[Stored data entries]
:::

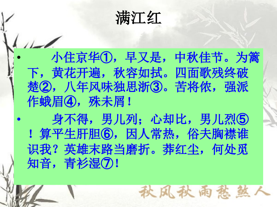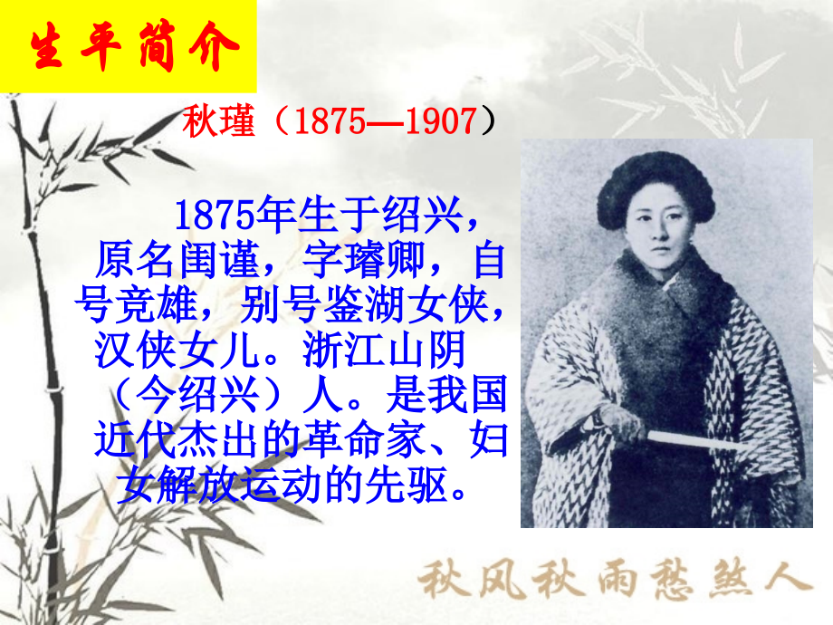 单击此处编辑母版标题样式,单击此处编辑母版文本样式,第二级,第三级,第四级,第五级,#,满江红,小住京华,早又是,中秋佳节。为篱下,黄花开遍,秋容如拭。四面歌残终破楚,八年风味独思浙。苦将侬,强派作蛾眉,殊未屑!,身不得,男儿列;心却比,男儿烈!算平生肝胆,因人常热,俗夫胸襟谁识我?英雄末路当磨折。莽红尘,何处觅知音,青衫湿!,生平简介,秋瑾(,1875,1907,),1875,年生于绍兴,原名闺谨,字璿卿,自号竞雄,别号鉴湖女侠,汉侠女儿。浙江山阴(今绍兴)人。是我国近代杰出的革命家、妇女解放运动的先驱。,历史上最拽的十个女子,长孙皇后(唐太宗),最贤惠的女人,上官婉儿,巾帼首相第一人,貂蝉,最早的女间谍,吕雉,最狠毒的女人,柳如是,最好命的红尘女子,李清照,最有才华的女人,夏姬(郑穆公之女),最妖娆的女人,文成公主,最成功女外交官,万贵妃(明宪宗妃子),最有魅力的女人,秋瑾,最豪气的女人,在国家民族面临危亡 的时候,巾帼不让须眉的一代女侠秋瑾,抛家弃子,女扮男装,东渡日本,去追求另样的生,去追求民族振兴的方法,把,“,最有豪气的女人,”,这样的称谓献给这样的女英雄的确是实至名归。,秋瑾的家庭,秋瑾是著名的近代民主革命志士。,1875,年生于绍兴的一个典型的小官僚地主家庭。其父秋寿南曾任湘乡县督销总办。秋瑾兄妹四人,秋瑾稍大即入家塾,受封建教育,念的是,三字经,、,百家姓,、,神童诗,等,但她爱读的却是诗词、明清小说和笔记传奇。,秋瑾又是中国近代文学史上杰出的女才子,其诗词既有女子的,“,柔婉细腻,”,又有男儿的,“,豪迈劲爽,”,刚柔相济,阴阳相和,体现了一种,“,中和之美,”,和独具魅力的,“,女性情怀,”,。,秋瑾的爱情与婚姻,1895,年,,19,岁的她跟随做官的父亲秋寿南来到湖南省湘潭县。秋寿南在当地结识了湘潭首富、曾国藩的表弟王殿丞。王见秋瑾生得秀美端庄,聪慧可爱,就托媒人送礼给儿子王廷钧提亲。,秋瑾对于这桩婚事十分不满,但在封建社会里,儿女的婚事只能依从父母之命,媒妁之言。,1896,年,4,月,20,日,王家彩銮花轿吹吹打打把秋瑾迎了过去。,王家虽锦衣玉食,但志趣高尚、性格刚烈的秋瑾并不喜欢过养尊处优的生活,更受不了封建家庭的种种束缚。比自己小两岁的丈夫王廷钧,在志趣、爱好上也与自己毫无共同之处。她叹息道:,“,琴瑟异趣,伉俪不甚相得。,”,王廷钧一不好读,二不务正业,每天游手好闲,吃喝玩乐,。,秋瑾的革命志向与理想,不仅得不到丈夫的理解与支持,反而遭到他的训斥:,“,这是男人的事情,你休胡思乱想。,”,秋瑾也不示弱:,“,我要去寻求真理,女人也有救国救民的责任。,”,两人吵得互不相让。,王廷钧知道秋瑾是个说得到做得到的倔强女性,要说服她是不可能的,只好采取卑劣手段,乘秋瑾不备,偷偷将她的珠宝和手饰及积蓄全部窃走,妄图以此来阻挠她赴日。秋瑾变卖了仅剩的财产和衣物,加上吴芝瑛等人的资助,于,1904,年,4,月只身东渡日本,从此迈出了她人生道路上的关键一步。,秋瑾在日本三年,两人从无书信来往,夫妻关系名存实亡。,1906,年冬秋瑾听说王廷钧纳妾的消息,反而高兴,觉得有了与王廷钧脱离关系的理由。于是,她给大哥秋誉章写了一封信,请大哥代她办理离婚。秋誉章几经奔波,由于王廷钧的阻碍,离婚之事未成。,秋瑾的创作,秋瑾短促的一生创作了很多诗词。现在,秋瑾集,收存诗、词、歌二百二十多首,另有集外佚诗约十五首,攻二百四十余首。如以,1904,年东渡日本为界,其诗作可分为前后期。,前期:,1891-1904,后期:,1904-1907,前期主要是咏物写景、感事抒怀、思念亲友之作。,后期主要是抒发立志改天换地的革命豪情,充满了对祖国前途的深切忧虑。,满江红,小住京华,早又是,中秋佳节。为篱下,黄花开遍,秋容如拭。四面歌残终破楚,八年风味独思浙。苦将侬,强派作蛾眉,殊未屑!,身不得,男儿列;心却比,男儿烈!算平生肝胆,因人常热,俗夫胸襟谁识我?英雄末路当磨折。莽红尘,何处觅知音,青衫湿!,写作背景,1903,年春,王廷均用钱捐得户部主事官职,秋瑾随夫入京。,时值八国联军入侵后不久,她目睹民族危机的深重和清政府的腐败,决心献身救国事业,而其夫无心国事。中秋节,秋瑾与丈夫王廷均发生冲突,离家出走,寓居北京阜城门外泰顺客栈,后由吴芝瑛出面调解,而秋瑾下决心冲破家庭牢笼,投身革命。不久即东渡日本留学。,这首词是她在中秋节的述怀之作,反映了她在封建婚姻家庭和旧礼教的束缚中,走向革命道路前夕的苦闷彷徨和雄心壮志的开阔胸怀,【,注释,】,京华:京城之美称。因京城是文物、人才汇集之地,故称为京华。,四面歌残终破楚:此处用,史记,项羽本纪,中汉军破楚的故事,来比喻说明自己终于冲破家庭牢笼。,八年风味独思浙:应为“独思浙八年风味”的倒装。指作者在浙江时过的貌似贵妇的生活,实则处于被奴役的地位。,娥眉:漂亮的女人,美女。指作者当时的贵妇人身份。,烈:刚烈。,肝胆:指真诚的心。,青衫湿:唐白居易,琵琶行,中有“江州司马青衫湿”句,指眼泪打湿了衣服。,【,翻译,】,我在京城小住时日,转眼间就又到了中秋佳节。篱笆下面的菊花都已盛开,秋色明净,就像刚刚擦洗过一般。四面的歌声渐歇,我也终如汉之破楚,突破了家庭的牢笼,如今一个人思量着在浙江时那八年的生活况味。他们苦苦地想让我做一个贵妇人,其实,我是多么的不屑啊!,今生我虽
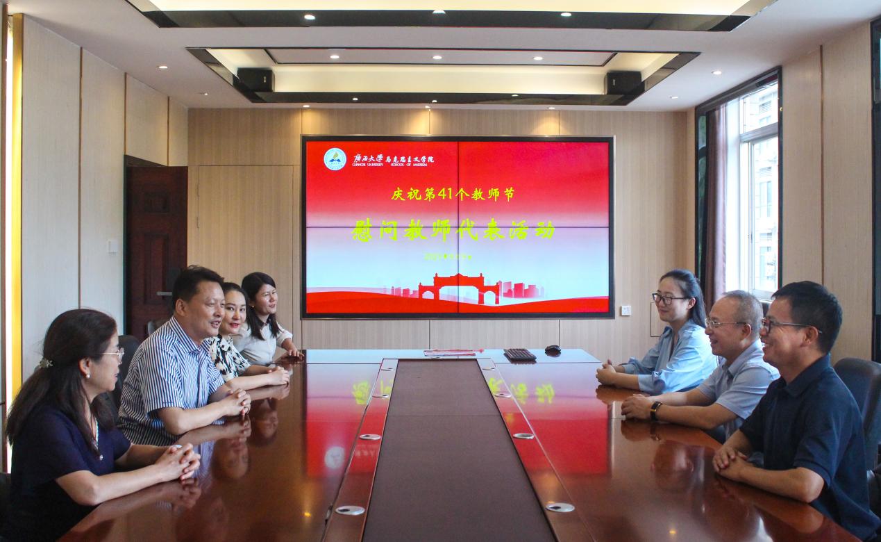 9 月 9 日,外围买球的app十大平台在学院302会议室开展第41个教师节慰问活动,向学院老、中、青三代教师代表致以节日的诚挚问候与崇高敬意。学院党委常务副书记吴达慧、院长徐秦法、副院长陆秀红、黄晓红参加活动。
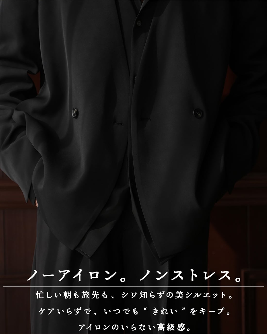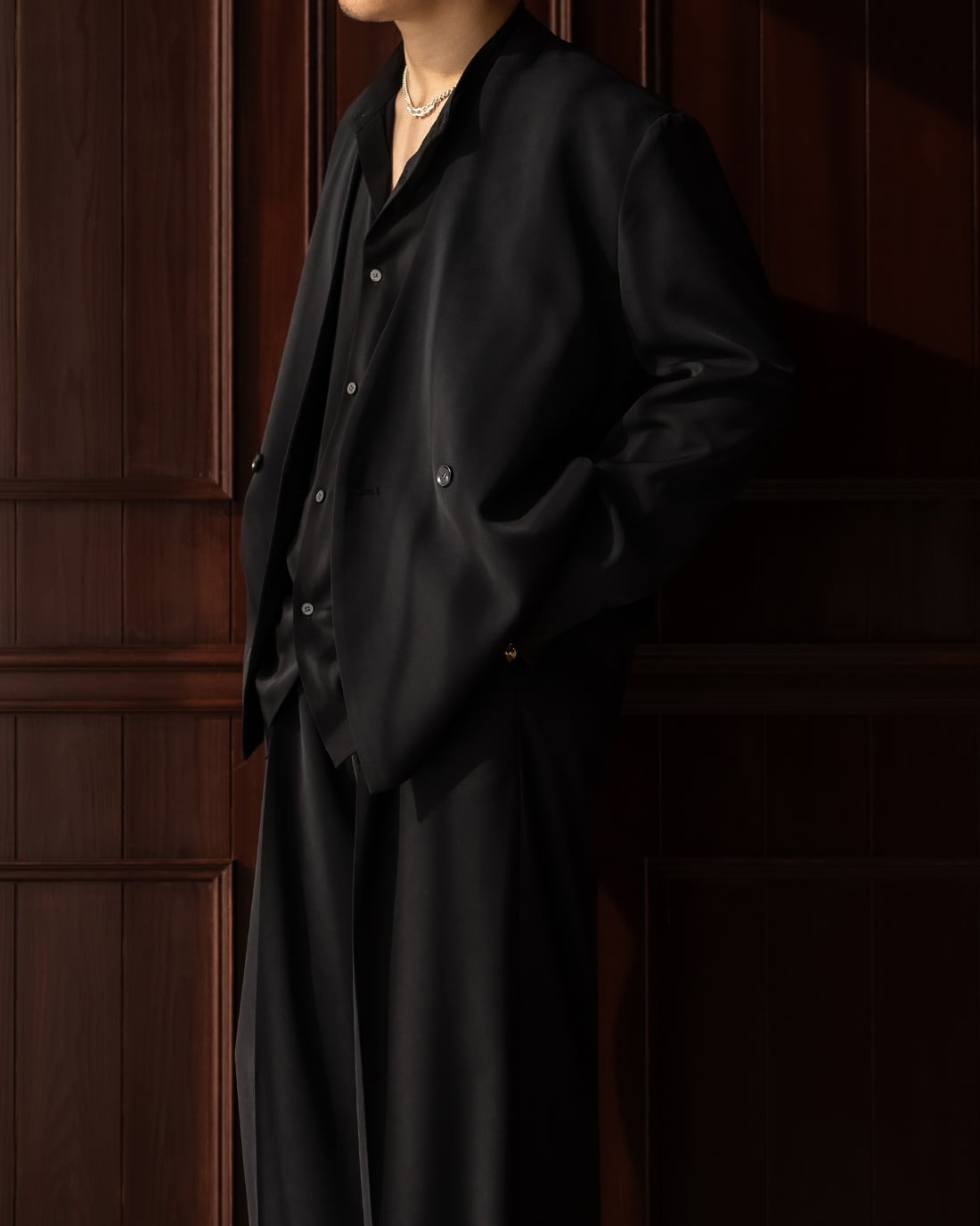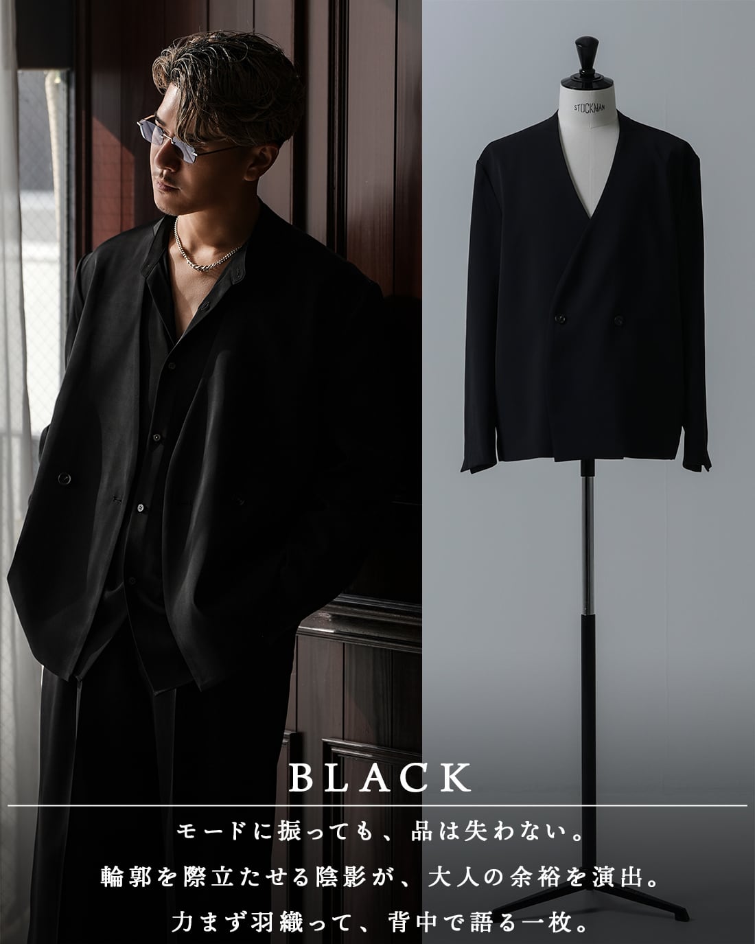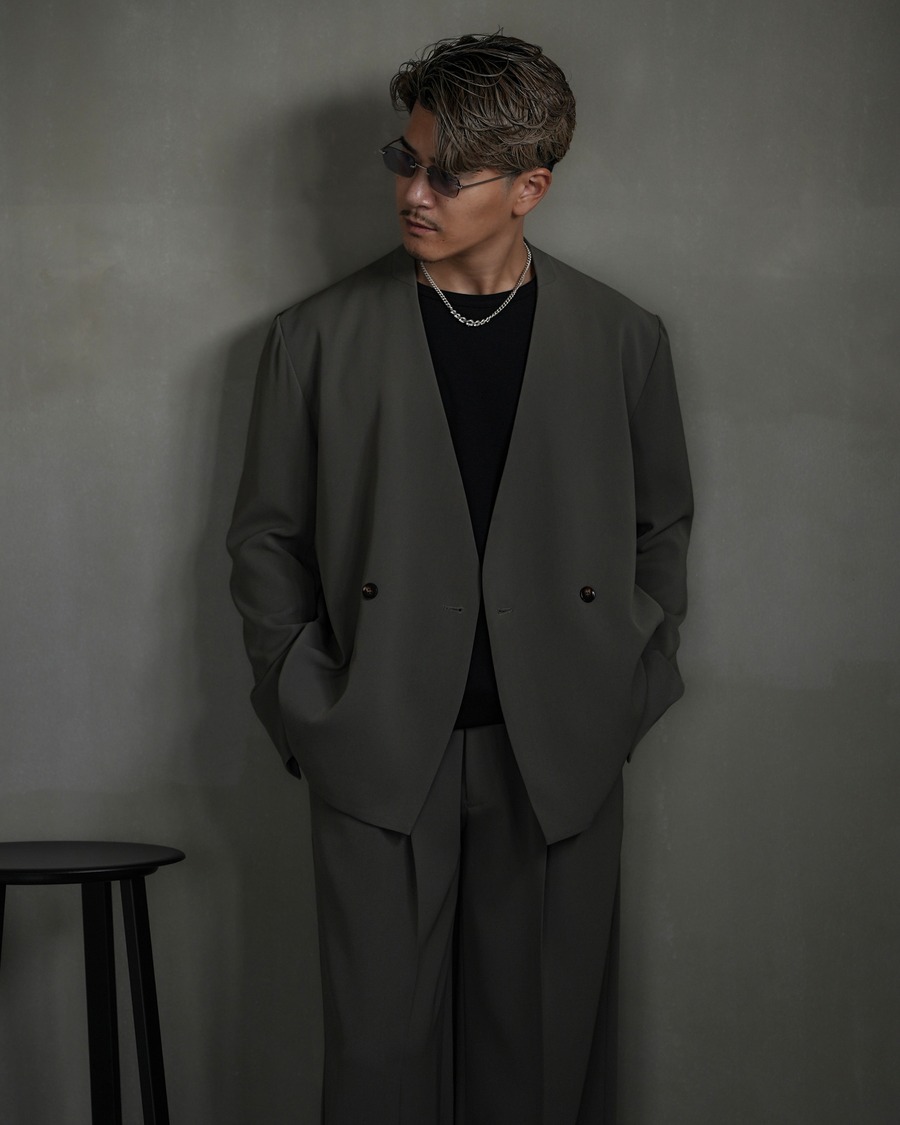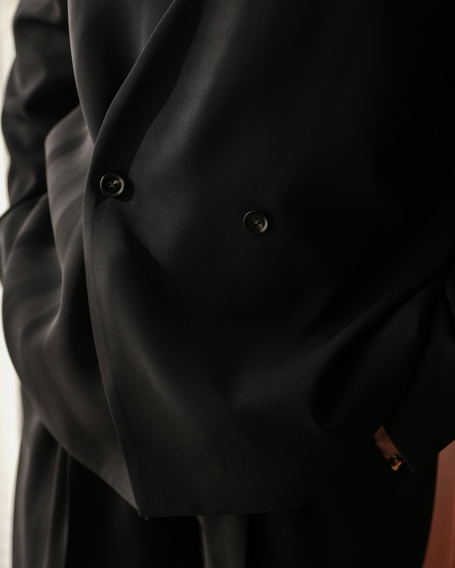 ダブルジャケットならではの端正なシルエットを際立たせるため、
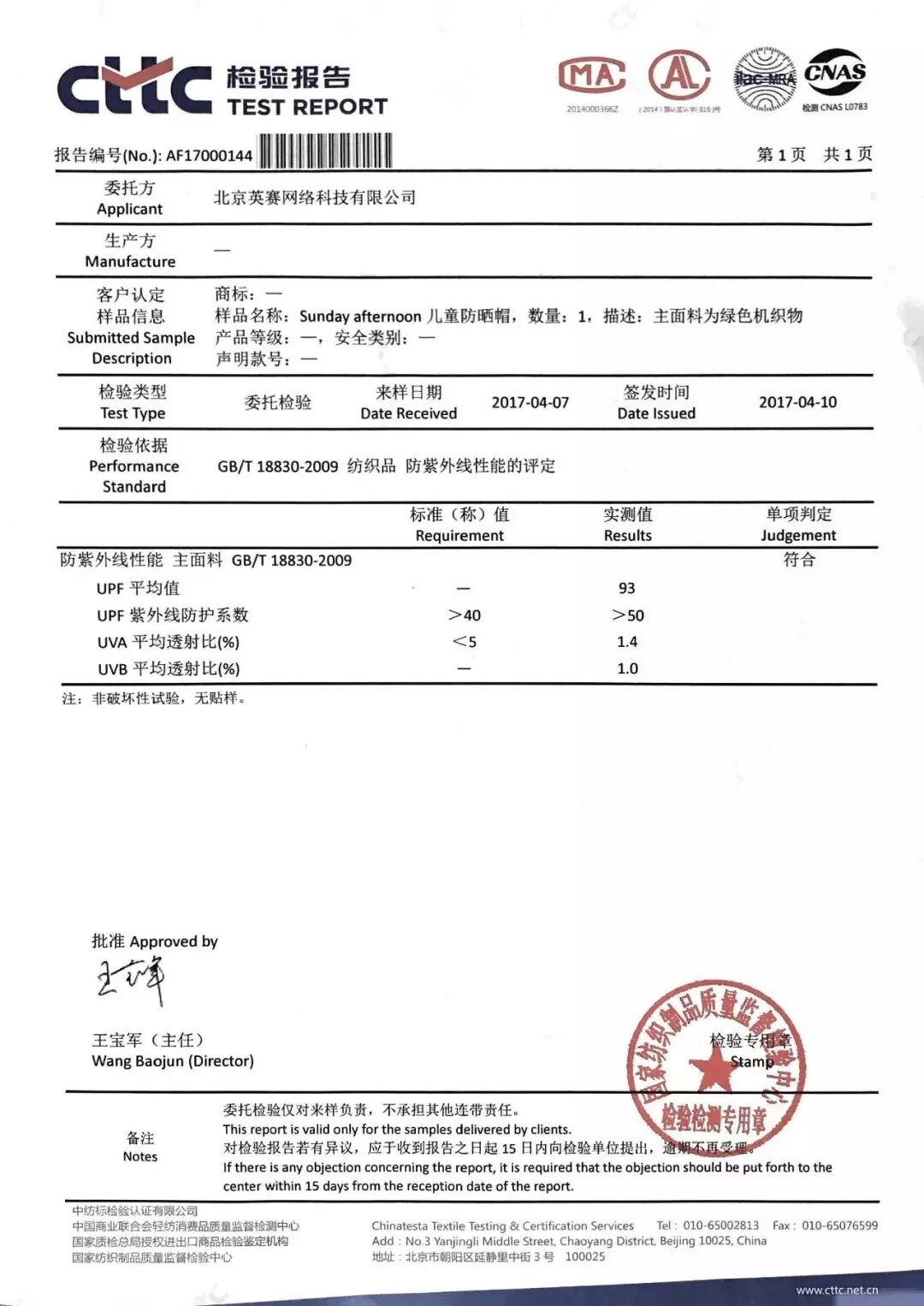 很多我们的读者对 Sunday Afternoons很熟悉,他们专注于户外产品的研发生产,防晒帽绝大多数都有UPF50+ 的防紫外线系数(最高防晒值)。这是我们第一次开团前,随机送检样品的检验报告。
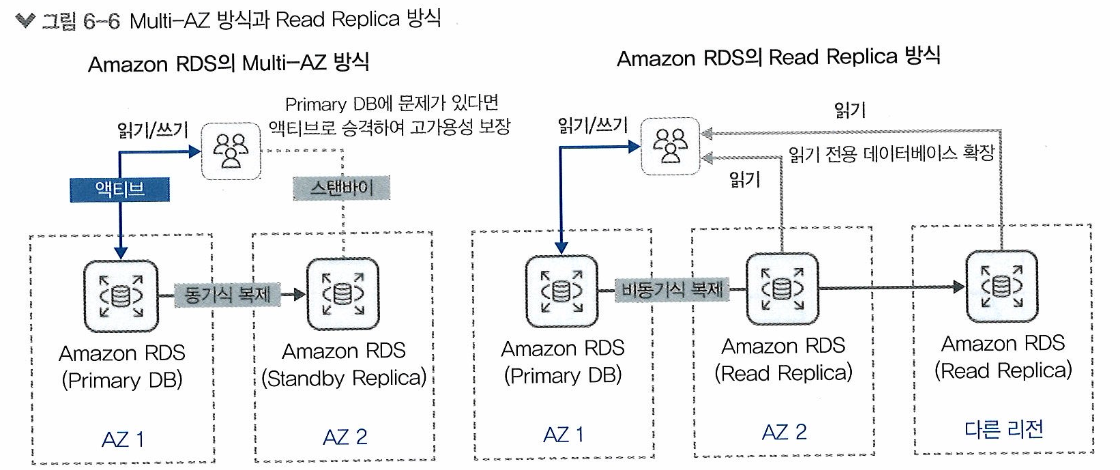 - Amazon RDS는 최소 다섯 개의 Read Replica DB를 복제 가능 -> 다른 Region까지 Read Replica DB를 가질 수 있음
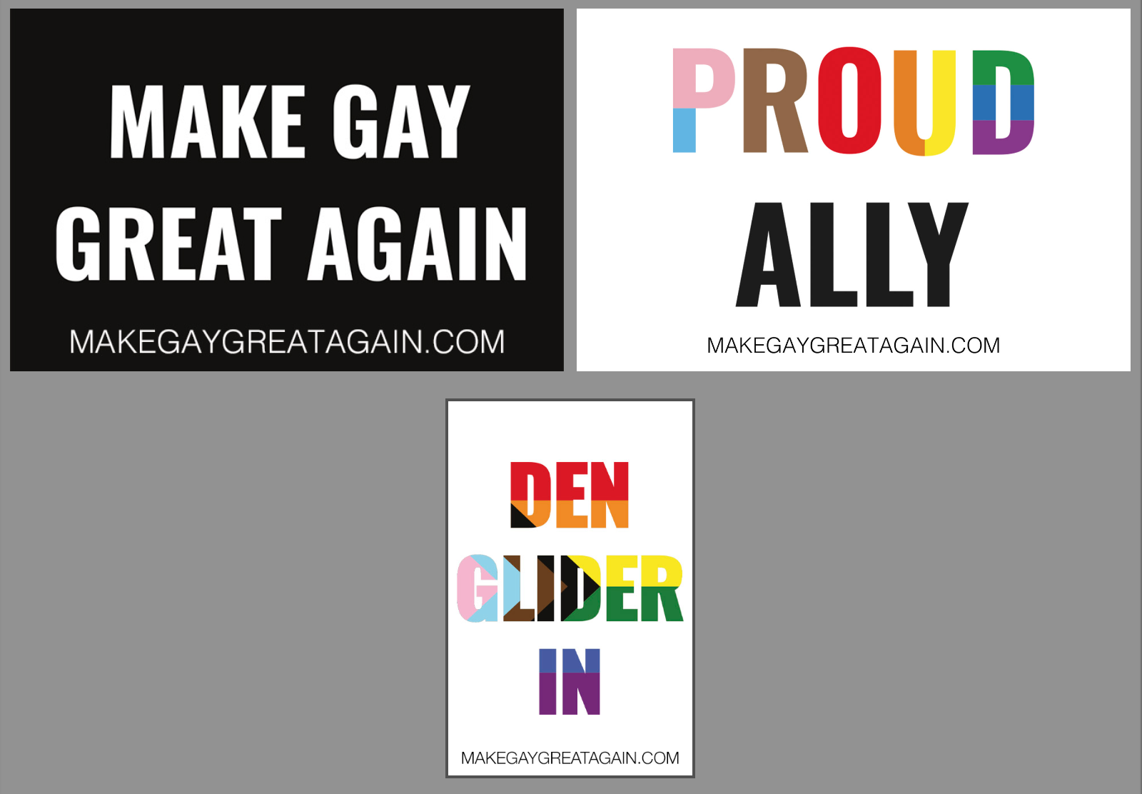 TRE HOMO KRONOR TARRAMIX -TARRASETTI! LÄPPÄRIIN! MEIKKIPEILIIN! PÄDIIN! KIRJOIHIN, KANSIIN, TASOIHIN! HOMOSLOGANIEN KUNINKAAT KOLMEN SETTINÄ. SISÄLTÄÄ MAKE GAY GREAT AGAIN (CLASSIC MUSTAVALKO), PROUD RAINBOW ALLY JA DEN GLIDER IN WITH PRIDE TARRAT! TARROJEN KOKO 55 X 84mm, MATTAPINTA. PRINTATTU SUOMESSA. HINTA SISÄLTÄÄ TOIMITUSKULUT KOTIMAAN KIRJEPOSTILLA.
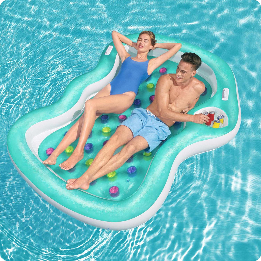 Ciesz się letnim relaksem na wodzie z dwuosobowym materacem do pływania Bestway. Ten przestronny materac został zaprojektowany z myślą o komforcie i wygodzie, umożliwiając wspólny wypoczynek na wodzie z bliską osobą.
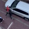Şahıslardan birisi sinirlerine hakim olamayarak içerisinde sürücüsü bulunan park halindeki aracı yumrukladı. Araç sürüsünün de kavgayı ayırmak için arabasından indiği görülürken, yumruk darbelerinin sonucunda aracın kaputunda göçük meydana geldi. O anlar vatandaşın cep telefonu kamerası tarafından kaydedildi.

:::

• Work instruction:
Your reply should consist solely of the lines above from the line containing "很多我们的读者对 Sunday Afternoons很熟悉,他们专注于户外产品的研发生产,防晒帽绝大多数都有UPF50+" up to and including the line containing "TRE HOMO KRONOR", reproduced exactly, minus the pictures.

• Task output:
 很多我们的读者对 Sunday Afternoons很熟悉,他们专注于户外产品的研发生产,防晒帽绝大多数都有UPF50+ 的防紫外线系数(最高防晒值)。这是我们第一次开团前,随机送检样品的检验报告。
 - Amazon RDS는 최소 다섯 개의 Read Replica DB를 복제 가능 -> 다른 Region까지 Read Replica DB를 가질 수 있음
 TRE HOMO KRONOR TARRAMIX -TARRASETTI! LÄPPÄRIIN! MEIKKIPEILIIN! PÄDIIN! KIRJOIHIN, KANSIIN, TASOIHIN! HOMOSLOGANIEN KUNINKAAT KOLMEN SETTINÄ. SISÄLTÄÄ MAKE GAY GREAT AGAIN (CLASSIC MUSTAVALKO), PROUD RAINBOW ALLY JA DEN GLIDER IN WITH PRIDE TARRAT! TARROJEN KOKO 55 X 84mm, MATTAPINTA. PRINTATTU SUOMESSA. HINTA SISÄLTÄÄ TOIMITUSKULUT KOTIMAAN KIRJEPOSTILLA.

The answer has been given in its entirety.